Вскоре мы быстро собирали и разбирали карабины и автоматы, знали обязанности часового и разводящего, дневального и дежурного, но рядом со всем этим шла другая жизнь, в которую мы тоже втягивались, мы учились солдатской смекалке и находчивости.
Как-то получалось, что и в наряды на КПП (контрольно-пропускной пункт) мы не попадали, а хотелось. Парни, возвращаясь оттуда, хвалились тем, что познакомились на будущее, на то время, когда дадут увольнительную, с девчонками. А мы девчонок в глаза не видели с тех пор, как погрузили в эшелон. Правда, один раз было видение в казарме — вначале все думали, что померещилось, дневальный остолбенел — в дверях казармы возникла девушка и спросила:
— Это литер «А» или «Б»?
— «В», — прошептал дневальный.
И девушка исчезла.
И еще было видение. Правда, двухмерное. На экране телевизора, который разрешили включить перед отбоем, мы увидели диктора — девушку, показалось нам, такой красоты, что мы только крякнули да поскребли в стриженых макушках. Тут и то еще сработало, что телевизор многие из нас видели впервые.
Взяли в оркестр Гену Кощеева, он стал бить в большой барабан, таскать его на развод и строевые занятия. Больше он не топал строевым шагом, его барабан давал нам команду под ногу. А самому Гене темп задавала мигающая лампочка. Она мигала один раз в ноль целых восемь десятых секунды. Именно за это время мы должны были поднять, перенести и со стуком поставить на асфальт очередную ногу.
Рудик Фоминых вместе с горьковским Левой Стуловым стал выпускать газету «Зенит» и боевые листки. В них они критиковали тех, кто плохо готовится к принятию присяги. Поместили и на меня с Серегой критику, названную «Не вылезают из нарядов», и нарисовали так, будто мы облеплены нарядами вне очереди. Так оно и было. Раз старшина объявил мне сразу три. Я трое суток жил в кочегарке, думал, что так и надо — отбыть наряды подряд. Повара, нашедшие во мне дурака, подкармливали, а я шуровал уголек, радуясь, что избавлен от Аркани.
Пичугин и Мальцев, имеющие права водителя, ушли в автовзвод.
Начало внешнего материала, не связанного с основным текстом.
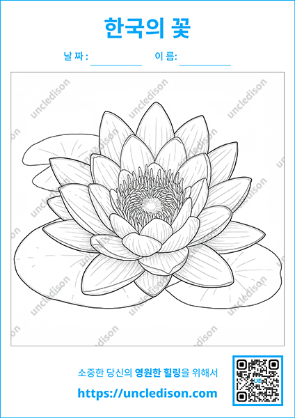 잔잔한 수면 위에 핀 수련은 중심에서 바깥으로 퍼지는 고요한 구조를 가졌어요. 부드럽고 넉넉한 구도로 아이들이 쉽게 색칠할 수 있어요.
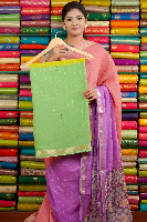 Fancy Crepe Silk Tie And Die Checks Yellow With Pista Green Saree

Было им там нелегко, но они хвастались перед нами — еще бы! — они хоть и грузчиками, а бывали за пределами части.
Илюха Деревнин, кончивший до армии школу механизации, попал в дизелисты и ходил самым чумазым изо всех. Демонстративно приходил в казарму после отбоя, не спеша раздевался и специально громко говорил дневальному:
— Запиши: разбудить без пятнадцати шесть. Сальники буду менять.
Когда утром мы без ума вскакивали, Илюха, уже одетый, чесался и зевал в сушилке, распаляя этим злость Аркани.
Редкие из нас попадались на розыгрыши, только бедный Боря Пупышев поверил повару, что мыть котел надо, залезая в него полностью, а для этого раздеваясь и разуваясь. Когда Боря в одних подштанниках залез в котел, повар собрал всех посмеяться над Борей. И мы с Серегой пришли из судомойки. Посмеяться-то посмеялись, но тут же и сами попались. Повар озабоченно сказал, что скоро кухню будут проверять, а под плитой давно не метено. «Я электромотор включу, — сказал он, — а вы навалитесь». И ведь вот сработало всеобщее поглупение — уперлись в плиту всем нарядом в десять человек и толкали, а повар покрикивал, щелкая выключателем.
На вечерней прогулке мы строились и маршировали вдоль уже наизусть выученных плакатов:
— Каждому расчету — классность!
— Работать ночью по дневным нормативам!
— Всем номерам расчета взаимозаменяемость!
— Главное оружие советского воина — бдительность!
— Запевай! — командовал Зайцев.
Рудик Фомин запевал под правую ногу «Дальневосточную»:
Полки придут и с севера и с юга,
с донецких шахт и забайкальских гор,
свою винтовку — верную подругу,
опять возьмет упрямый комсомол…
Мы подхватывали разом, под ногу:
Стоим на страже
всегда, всегда.
А если скажет
страна труда,
прицелом точным врага в упор,
Дальневосточная дает отпор,
Краснознаменная, смелее в бой,
смелее в бой…
Слышно было, как днепропетровские, стараясь перепеть нас, поют «Марусю»:
— Маруся, раз, два, три, калина,
Чорнявая девчина,
в саду ягоды брала. Маруся, раз, два, три…
На крыльце стоял Арканя. Перед приближением к нему мы прекращали пение, переходили на строевой шаг, прижимали руки к туловищу и ели Арканю глазами.
— Вольно, — разрешал он, — продолжайте прогулку. Перед отбоем чистили сапоги, торопливо курили. Кое-кто успевал даже сесть за письмо.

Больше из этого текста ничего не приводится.